The main culprit, an old ISA 8-bit multi-IO card, if that means anything to you; I always thought these look like tiny dioramas of industrial complexes.
Few friends have commented on the Suter Shop of late; I've been thinking about it and my options since the middle of last year. While the Suter still has a lot of local art and hasn't gone the way some other NZ gallery shops have, (more souvenirs and junk than art,) as a maker the shop has changed completely: the paperwork, to me, are incomprehensible; all works are merchandises to them; and there is no discourse on, well, anything.

At the same time, when you get to talking with people who operate arty shops around New Zealand, one is taken somewhat seriously as a maker when one's outlet includes, (or in my case, the only place is,) the Suter. (The above pic was after I sorted and folded my stuff.

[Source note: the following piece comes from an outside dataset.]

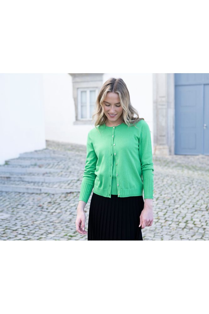 Elevate your everyday wardrobe with this classic round neck cardigan in a sophisticated green shade. Thoughtfully designed with distinctive detail work along the cuff and hemline, it transforms a timeless silhouette into something truly special. The refined embellishments add visual interest without compromising the piece's versatility, making it perfect for layering over dresses, tees, or worn solo. A wardrobe essential that bridges casual comfort with understated elegance.

You can see my tag had fallen off; I found it stuck on the shelf to the left, but it's not a good look. I must peel off the white tack next time.) 

When we went after Christmas, there were eight on the shelf, but nine on the last stock list I received. The missing piece was the second of the Gray lot, one of the two pieces I ever really liked in my years of weaving, and I'd been thinking of withdrawing and keeping it for myself or putting it on the online store. When I first took them to the Suter, to Andrea at the temporary shop, we discussed how delicate and catching they were, so I put them in cellophane bags with the proviso she and staff could take them out any time someone was interested. Two sold to one person that way.

After the permanent Suter reopened and the new manager arrived, the piece was never displayed and when I inquired, she said she preferred it out of the bag. To be sure, the new manager is a lovely smiley person, but her, and the gallery's, focus is completely different from Andrea's, (who had the knack of making many of us feel any one of us was her one favorite maker.) When I went back last week to enquire, the manager said she couldn't find the gray piece, and could I wait a few days to check the inventory list on the computer; I had to put my foot down and ask her to check right away, mentioning it was the delicate piece, so she relented, and it turned out the piece was sold.

Still. It's not a situation that instills confidence, is it? I'm preaching to the choir, I know, and she/they have their reasons, but no more super fine pieces there, at least for a while. (Which is not a big problem because some of mine look delicate but are robust.)

I want to post about food but that'll be another day. Tomorrow Mom and I are going to collage together over Skype.